Se trata, en cualquier caso, de discusiones estériles y meramente literarias, que se agotan en el estrecho círculo -pese a su amplia difusión- de lo que Trapiello llama “el club de las almendritas saladas”, la élite literaria del país, muy ajena a la gente, a ese pueblo en cuyo nombre muchas veces dice hablar. Por el contrario, desde el punto de vista de los lectores Galdós fue siempre fue un escritor admirado, muy popular, y los treinta mil ciudadanos que se echaron a la calle en el Madrid de entonces para llorar su muerte asistiendo a su entierro dan fe de ello. Esa apelación al entusiasmo suscitado en el lector común y no al lugar que el autor debiera ocupar en las siempre subjetivas páginas de la historia de la literatura es la que me mueve a recomendaros encarecidamente la lectura de los dos libros. 

El debate, no obstante, tiene que ver con la consideración que damos a la literatura y a lo que, pretendidamente, debiera ser su función. Vuelvo a traer a colación aquí la categórica taxonomía de Cortázar acuñada para establecer la diferencia entre el lector “macho” que, exigente, construye el texto, lo reelabora, lo trabaja, lo penetra, y el lector “hembra”, el cual, más pasivo, se deja llevar por él, atravesado, arrastrado por la fuerza arrolladora de una escritura que no le ofrece otra opción que la ciega aceptación. Esa tipificación de las dos grandes “maneras” lectoras se corresponde con otros dos -igualmente vastos- planteamientos de la figura del escritor: por un lado, el que podríamos llamar creador o innovador, que experimenta con el lenguaje, que no se pliega a las convenciones cronológicas del relato, que rompe la estructura más previsible de la narración, que no se lo da todo hecho al lector, que, en realidad, no cuenta historias sino que “se” deja discurrir a lo largo de su texto; un texto en el que el protagonismo no recae ni en los personajes ni en la acción sino en la experiencia verbal, en una suerte de juego, refinado y muy intelectual, cercano a las digresiones y búsquedas y tanteos del jazz. Es el caso de escritores, como Juan Benet, Goytisolo o el propio Marías, ambiciosos y atrevidos, poco complacientes, algo ensimismados y solipsistas, que fuerzan al lector, lo comprometen y lo obligan a una tarea de “reelaboración” del texto -arduo, complejo, extraño, difícil, exigente- que le ponen ante sus ojos. Por otro lado, tendríamos a los narradores “decimonónicos” -como rasgo de estilo, al margen del siglo al que pertenezcan- que se ocupan de llevar de la mano al lector, que lo embeben en una historia de la que manejan todas las claves, que lo dejan sin respiro ante un poderoso caudal narrativo frente al que solo cabe la aceptación y el obediente fluir, que lo seducen y lo encandilan, que lo arrebatan y lo transportan sin margen para la propia iniciativa. 

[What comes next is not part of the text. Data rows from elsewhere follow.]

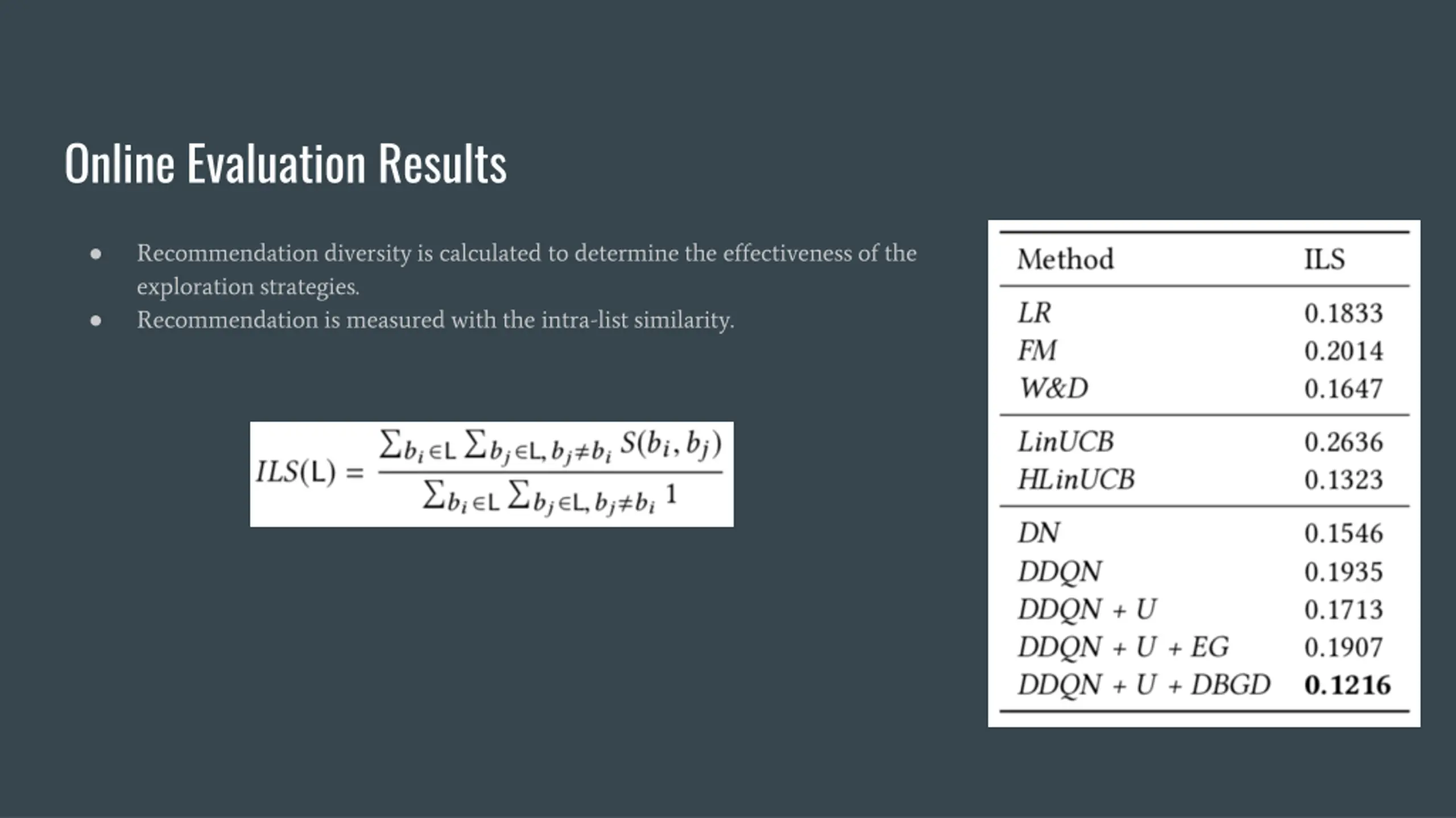 Online Evaluation Results Recommendation diversity is calculated to determine the effectiveness of the exploration strategies. Recommendation is measured with the intra-list similarity.
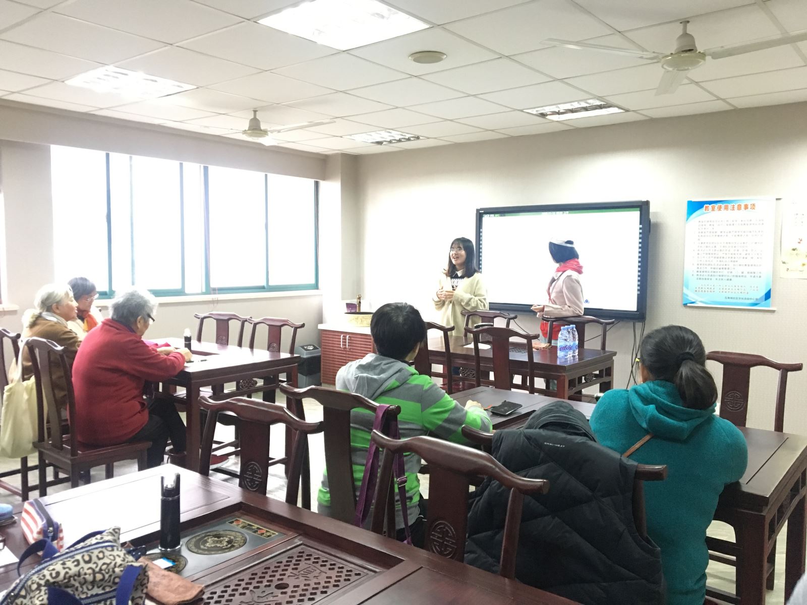 11月6日下午,无码中文 与五角场街道社会实践共建项目“外语进社区”公益课堂活动正式启动。无码中文 的学生志愿者来到社区学校,面向社区居民,开展英语教学。
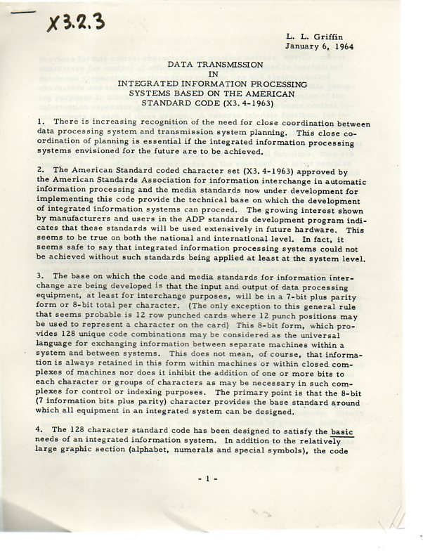 --Griffin, L.L. Data Transmission in Integrated Information PRocessing Systems Based on the American Standard Code, (X3.4-1963). 5pp
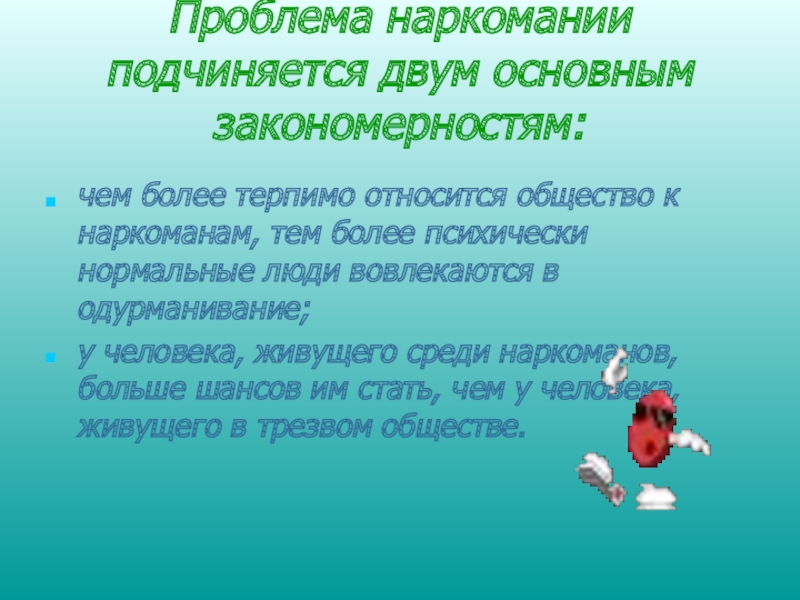 Слайд 5Проблема наркомании подчиняется двум основным закономерностям:
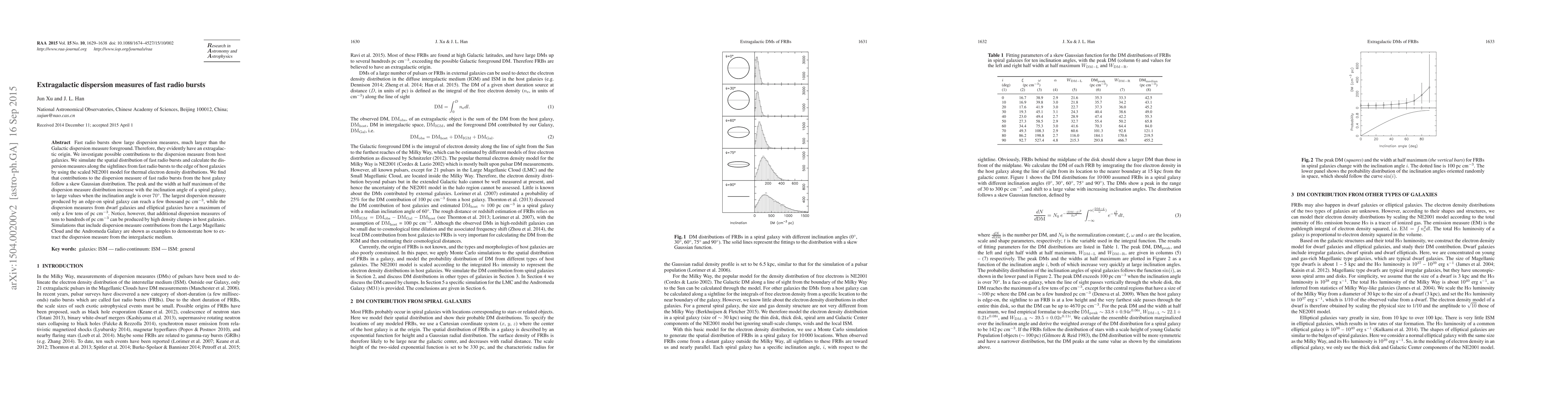 This paper investigates the extragalactic dispersion measures of fast radio bursts, finding that their large dispersion measures indicate an extragalactic origin. Simulations reveal that host galaxies contribute to dispersion measures following a skew Gaussian distribution, with significant contributions from edge-on spiral galaxies, dwarf galaxies, and elliptical galaxies, as well as high-density clumps.

Una muestra bien conocida de esta divergencia entre dos planteamientos literarios aparentemente opuestos (en muchos de los nombres citados la diferencia no es tal, ni siquiera en su propia obra) lo constituye el muy mencionado capítulo 34 de Rayuela, en el que Horacio Oliveira, el protagonista de la novela de Cortázar, hojea un libro que está leyendo la Maga, precisamente una de Benito Pérez Galdós, Lo prohibido, un modelo de literatura que el escritor aborrece. Cortázar, en lo que entonces resultaba ser un ejercicio innovador, intercala en el capítulo el texto de Galdós y las reflexiones descalificatorias de Oliveira, alternando en las líneas pares e impares el discurrir de ambos “relatos”. Es así como el escritor argentino, abanderado por excelencia de la experimentación literaria, manifiesta su rechazo a ese modo de escribir -y de narrar- anquilosado, anticuado, trivial: Y las cosas que lee, una novela, mal escrita, para colmo una edición infecta, uno se pregunta cómo puede interesarle algo así. Pensar que se ha pasado horas enteras devorando esta sopa fría y desabrida, tantas otras lecturas increíbles (entresacando las frases de las líneas pares). 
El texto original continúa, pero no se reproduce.